Recent studies have shown that in the presence of autologous DC and in the absence of exogenous Ag, T cells are signaled for Ca2+ response, tyrosine phosphorylation, survival, and weak proliferation. Signaling is mediated by immunological synapses between naive T cells and DC, and can occur in the absence of MHC molecules (10, 11). Moreover, following adherence of resting primary T cells to various substrates or to DC, T cells increase intracellular Ca2+ stores and become more sensitive to stimulation through the TCR (12).
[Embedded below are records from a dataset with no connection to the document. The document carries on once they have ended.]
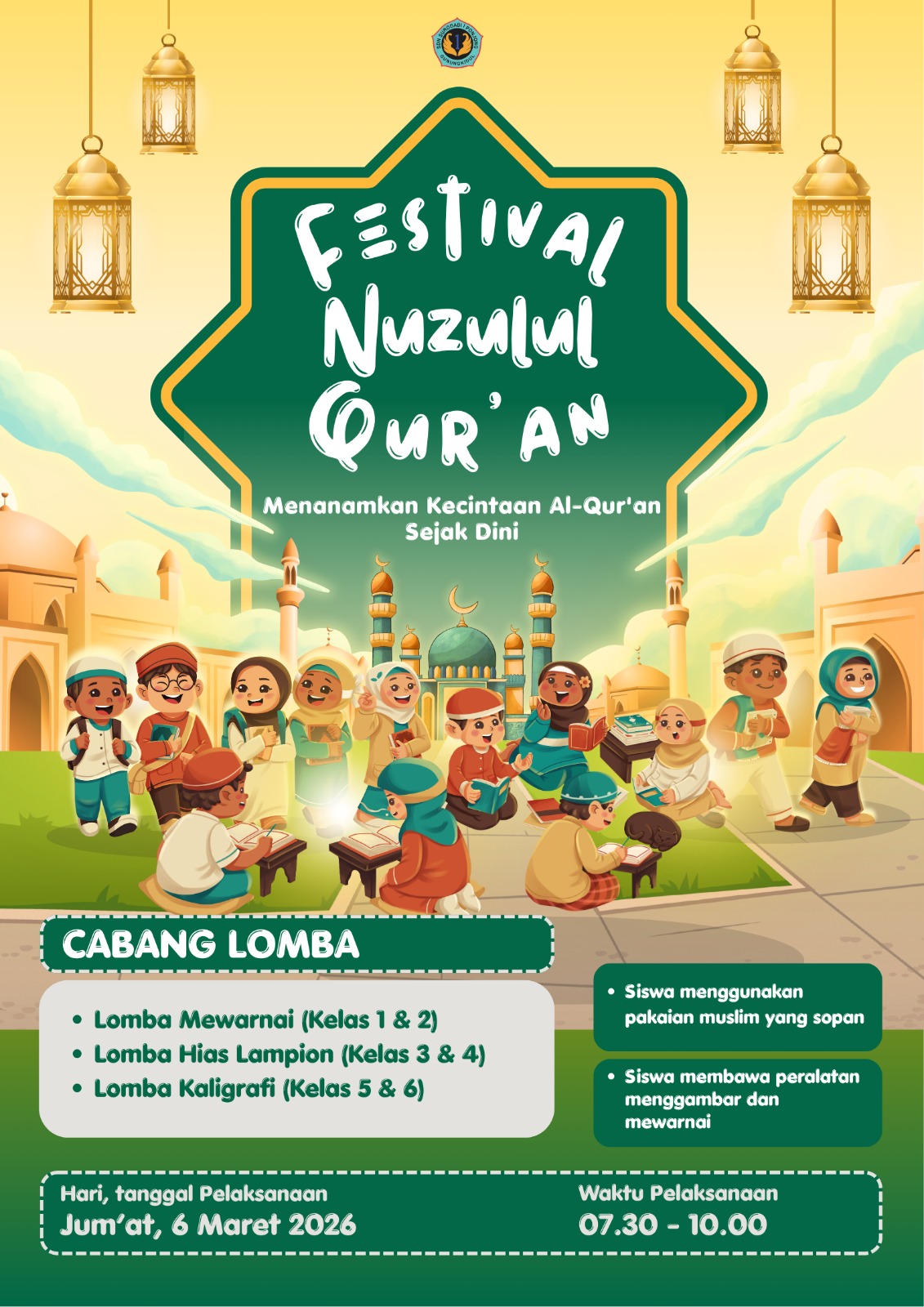Ponjong - SDN Surodadi I Ponjong memperingati Nuzulul Qur’an dengan mengadakan Nuzulul Qur’an Fest pada hari Jum dengan lomba-lomba untuk menyemarakan peringatan Nuzulul Qur’an. Adapun lomba lomba yang dilaksanakan yaitu lomba mewarnai untuk kelas I menghias lampion untuk kelas III dan kelas IV, serta lomba kaligrafi untuk kelas V dan kelas VI. Peserta didik mengikuti suportif yang kemudian terpilihlah para juara dari tiap cabang lomba. Dengan adanya kegiatan ini bertujuan agar peserta didik lebih mengenal Al-Qur’an, dimana ayat pertama diturunkan di bulan Ramadhan yang kemudian peristiwa turunnya wahyu Allah ini disebut dengan Nuzulul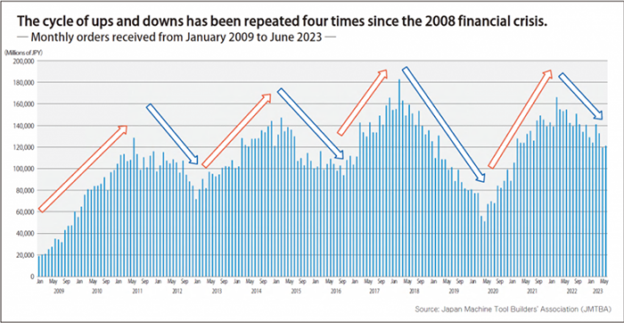 下圖顯示了從2009 年 1 月(美國雷曼兄弟破產引發全球金融危機爆發)到 2023 年 6 月,日本機床行業每月新訂單走勢。從圖中可見,金融危機以來的日本機床訂單經歷了四個起伏周期,四次上升周期(紅色箭頭所示)每個周期持續時間平均約為23.5個月,前三個下降周期(藍色箭頭所示)每個周期持續時間平均約為 21.3個月。從圖中2014年以來趨勢進行分析,訂單走勢從谷底到頂峰需要約兩年時間,再次觸底仍需要約兩年時間。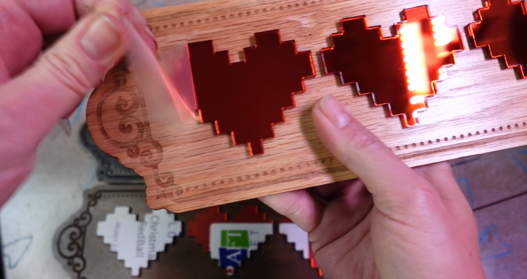For the gamer life bars, I used mirror acrylic for the heart! They have quite a bright pop of color! If you want to know the best glues to use with mirror acrylic, I’ll link my whole video on that up in the corner and in the description box.
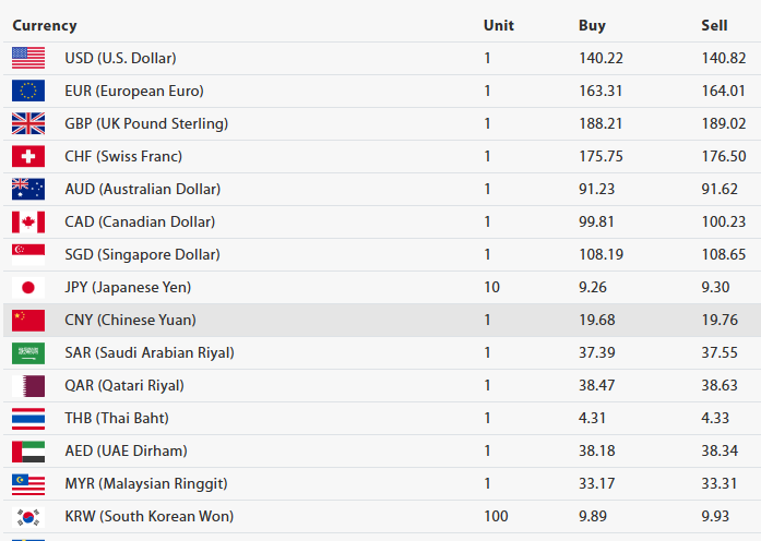 राष्ट्र बैंकले हङकङ डलर एकको खरिददर १८ रुपैयाँ ०४ पैसा र बिक्रीदर १८ रुपैयाँ १२ पैसा, कुवेती दिनार एकको खरिददर ४५८ रुपैयाँ ४४ पैसा र बिक्रीदर ४६० रुपैयाँ ४० पैसा, बहराइन दिनार एकको खरिददर ३७१ रुपैयाँ ९६ पैसा र बिक्रीदर ३७३ रुपैयाँ ५५ पैसा, ओमनी रियाल एकको खरिददर ३६४ रुपैयाँ १९ पैसा र बिक्रीदर ३६५ रुपैयाँ ७५ पैसा रहेको छ । भारतीय रुपैयाँ एक सयको खरिददर १६० रुपैयाँ र बिक्रीदर १६० रुपैयाँ १५ पैसा तोकेको छ ।
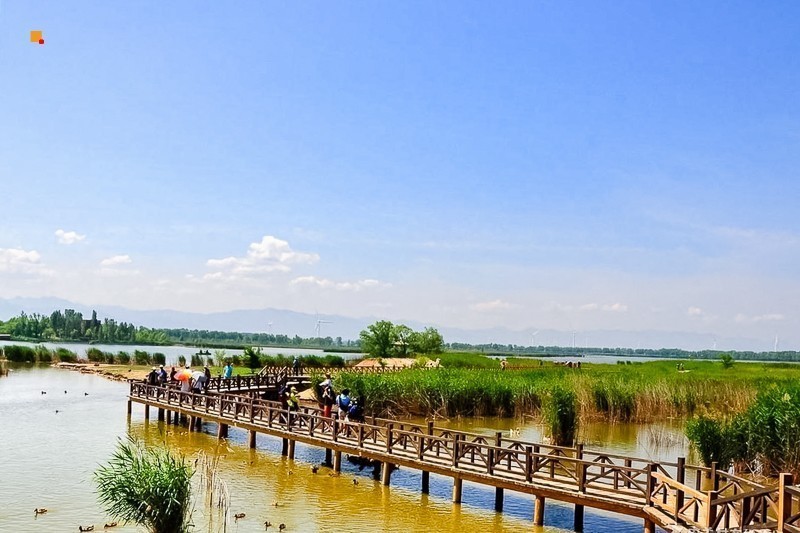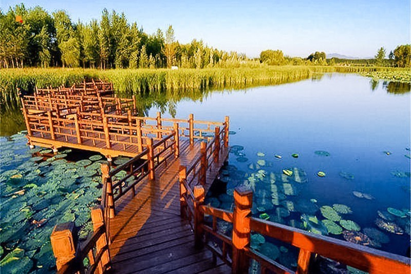 这里也是华北地区最大的湿地公园。水草芦苇丰茂,风吹过的时候,非常漂亮,公园沿途有亲水木站台,鸟岛,湿地观景台,望湖楼,西保护站,观鹤台,湿地百草原等特色景点。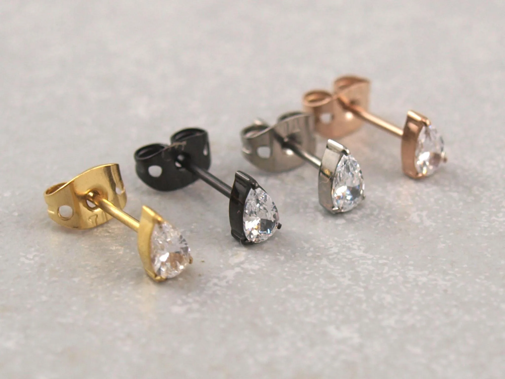 Dieses Paar Ohrstecker aus Titan mit Tropfen-Motiv sind aus Titan gefertigt und somit auch für empfindliche Ohren bestens geeignet. Die Ohrringe aus Titan sind in vier verschiedenen Farben erhältlich und werden durch einen Kristall aufgewertet. Die Tropfen Ohrringe aus Titan haben einen Durchmesser von etwa 6,5 mm x 8 mm.
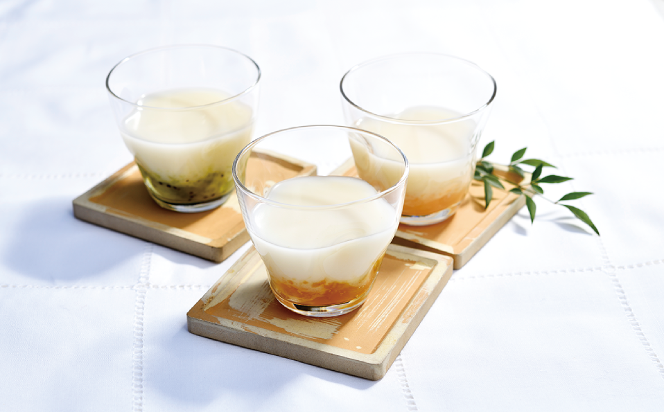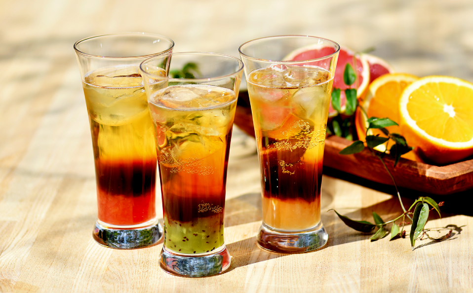 レイヤードドリンク。果肉入りベースは比重が大きいため、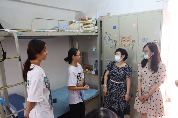 迎新报到情况,对迎新工作安排表示肯定,慰问参与迎新工作的师生。学院院长王晋军教授、党委书记李暖均、党委副书记许多恬在报到点同2022级新生亲切交谈,并与2022级班主任老师们走访学生宿舍,鼓励新生尽快适应生活,利用大学时光提升自我。同时还叮嘱新生树立反诈意识,遵守学校相关疫情防控措施,共筑防疫长城。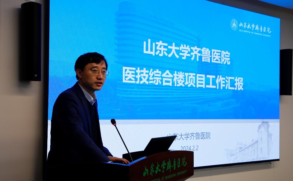 可行性研究报告编制单位山东省工程咨询院、方案设计单位山东省建筑设计研究院有限公司负责人分别介绍了可行性研究报告编制情况和医技综合楼设计方案。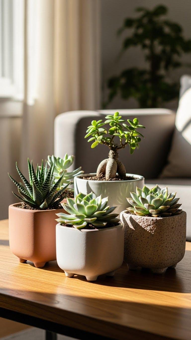 Often you’ll keep a coffee table feeling fresh by grouping low-profile plants in ceramic planters—think squat terracotta, matte-glazed porcelain, or raw stoneware—to add organic shape without blocking sightlines.
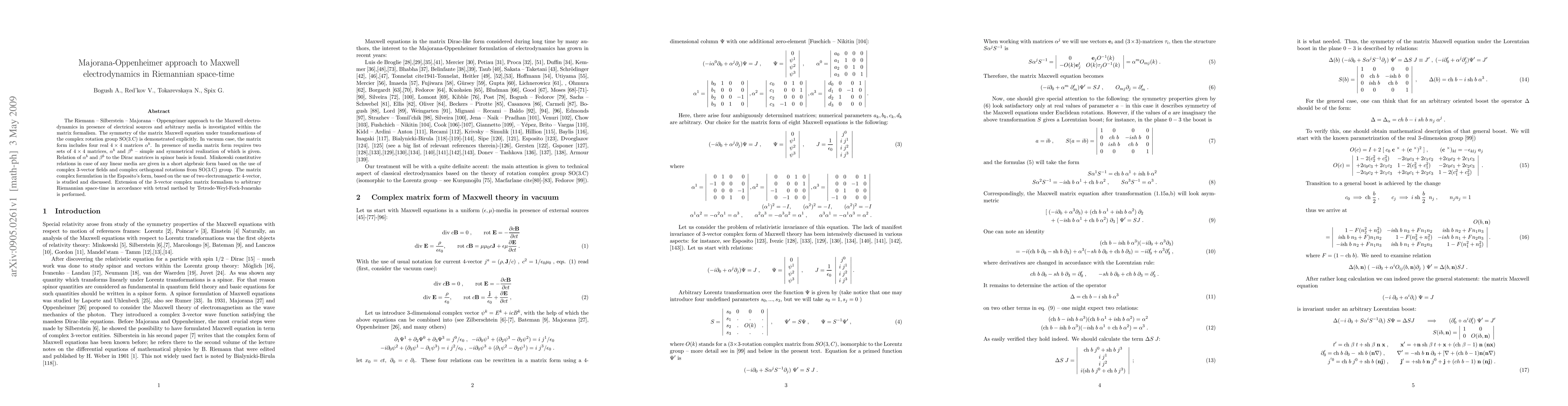 This paper explores the Riemann-Silberstein-Majorana-Oppenheimer approach to Maxwell electrodynamics in Riemannian space-time using matrix formalism, demonstrating the symmetry under complex rotation group transformations. It extends the matrix formulation to include media and relates matrices to Dirac matrices, providing a concise algebraic form for Minkowski constitutive relations in linear media.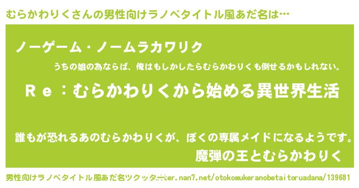 | 女子向けラノベタイトル風あだ名 | 『むらかわりくストレイドッグス』 |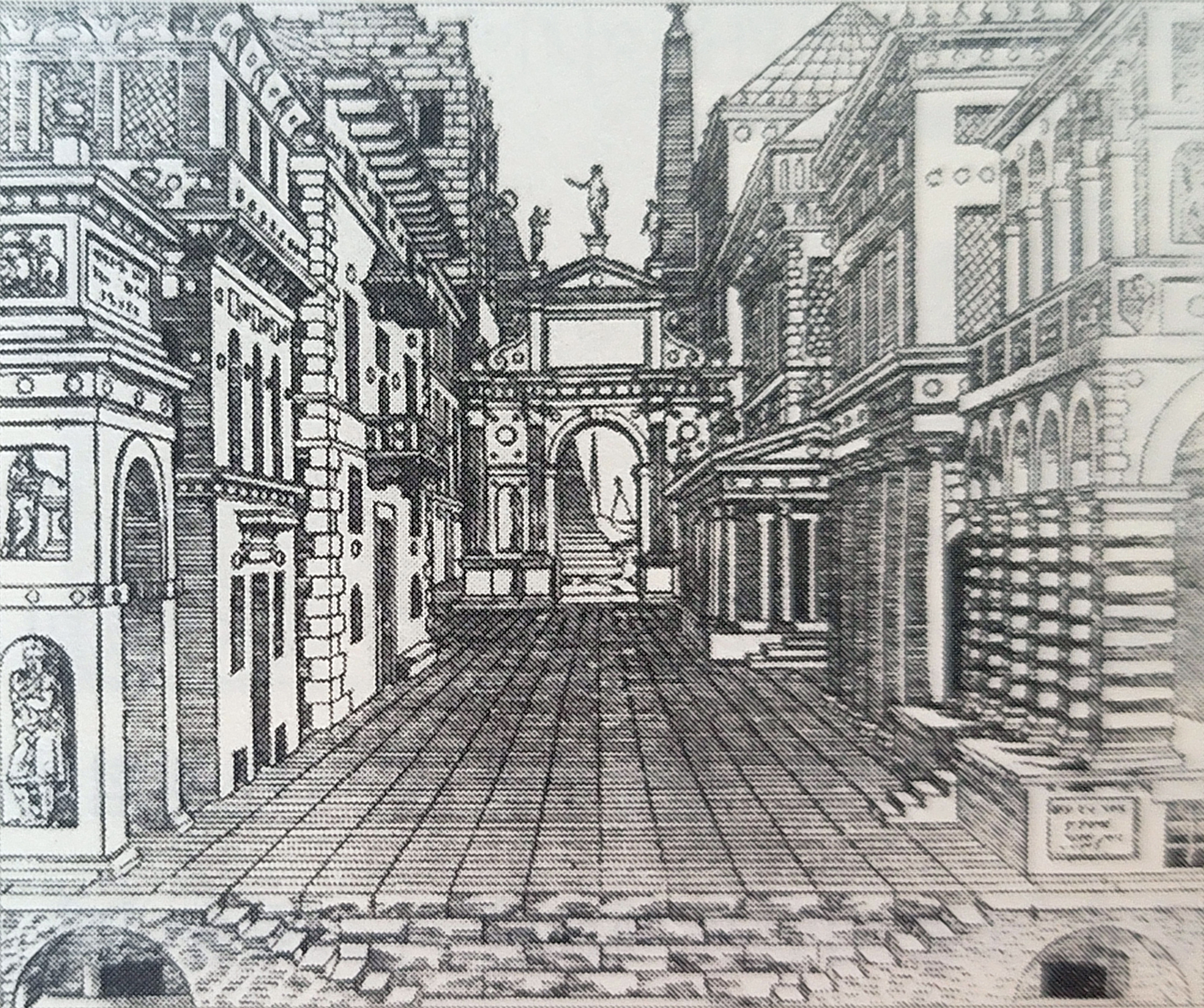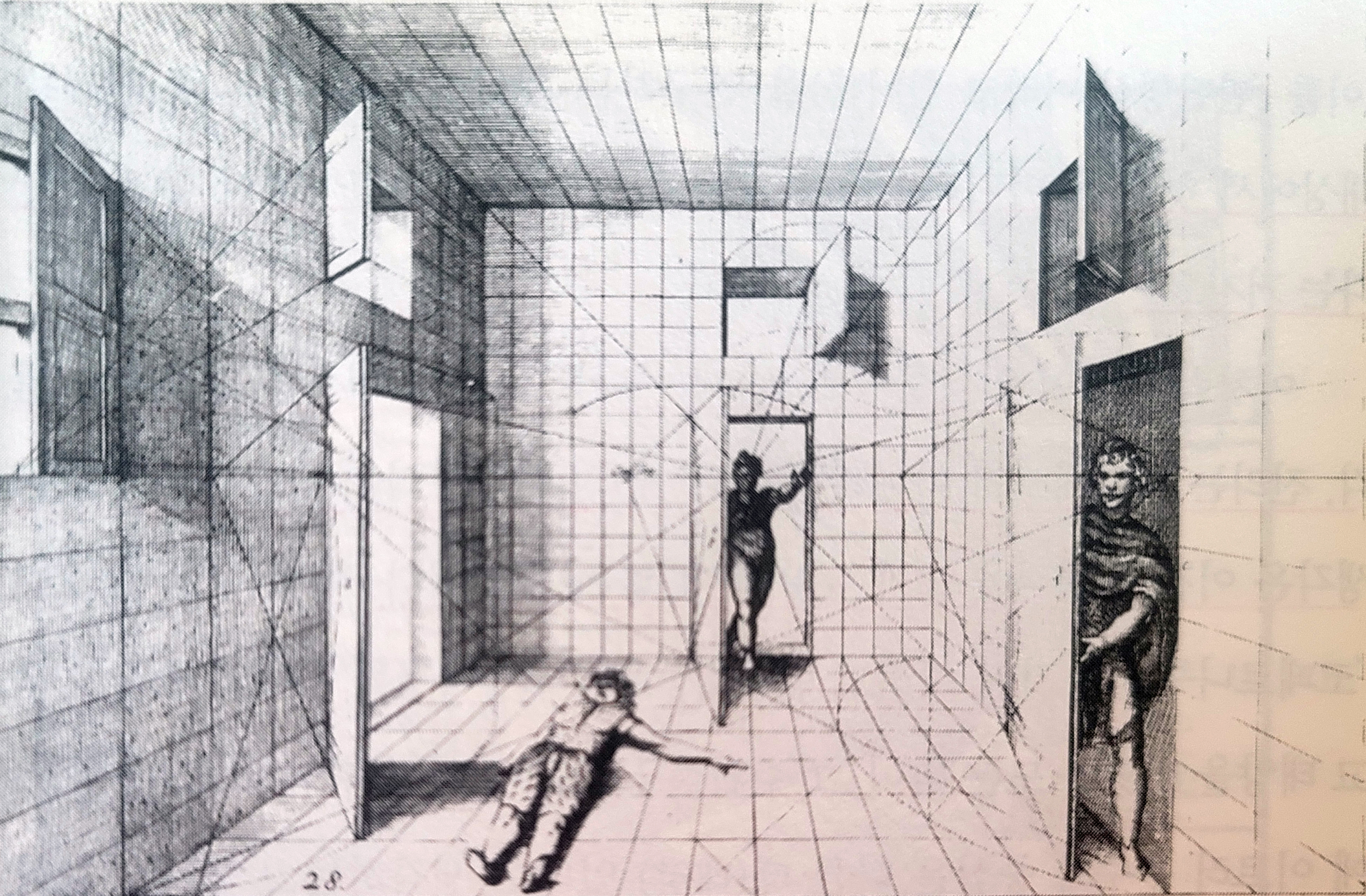 위의 그림은 1560년 경에 출판된 투시법에 관한 책에 있는 삽화다. “격자는 화가의 눈에 있는 게 아니라 세계 자체에 속해 있다”고 말하려는 것일까? 바닥과 천장, 사면의 벽이 모두 격자로 가득하다. 열린 문이나 창문의 비스듬한 평행선들은 각각 자신의 소실점에 모인다. 사람들은 이 격자로 가득한 공간 안에 있거나 그 안으로 들어온다. 정면에서 손을 번쩍 들고 들어오는 사람의 오른쪽 눈은 방 안의 평행선들이 모이는 소실점에 위치해 있으며, 그래서 격자를 만드는 선이 모이고 있지만, 이를 눈에서 격자를 만드는 선이 나오는 것으로 오해해선 곤란하다. 정면에 있는 인물의 시선에선 아무런 그물도 발사되지 않고 있을 뿐 아니라, 정면 인물의 눈에 닿는 선은 최소한으로 처리됨으로써 오히려 그는 그물 같은 저 격자의 공간 안에 사로잡혀 있음을, 그가 보는 것은 그 격자화된 공간 안에 있음을 보여준다. 아래 그림은 세를리오(Sebastiano Serlio)의 「비극을 위한 무대」(Scene for a tragedy)다. 세를리오는 좀더 세련된 스타일로 이런 격자화된 공간을 ‘객관화’한다. 그가 그린 「희극을 위한 무대」, 「비극을 위한 무대」에는 투시법에 따라 변형된 격자가 바닥의 바둑판 같은 포장도로, 건물의 벽, 기둥 등에 촘촘하게 새겨져 있다.

In vivo, self-peptide recognition in the context of MHC class II molecules can sensitize T cells for exogenous Ag reactivity (13, 14). Therefore, it has been proposed that autologous MHC class II+ APC, presenting self-peptides, provide constitutive T cell stimulation in the periphery, thereby maintaining naive T cells in a state of heightened responsiveness. Upon Ag exposure in the presence of activating signals, T cells would be poised to mount a swift and effective response. This paradoxical conclusion contrasts with the suppression of T cell responsiveness by self-peptides proposed to occur as a mechanism to maintain self-tolerance in the periphery.
CD40 is an important costimulatory molecule expressed by APC. Murine BM DC treated with an NF-κB inhibitor, presenting exogenous Ags in the absence of CD40 are able to induce Ag-specific tolerance through induction of IL-10 producing regulatory T cells in vivo. We previously speculated that CD40low DC would constitutively present apoptotic self Ags in the periphery (15), and that regulatory T cells specific for somatic self Ags would be constitutively cross-tolerized by CD40low APC, and contribute to active postthymic self tolerance (16).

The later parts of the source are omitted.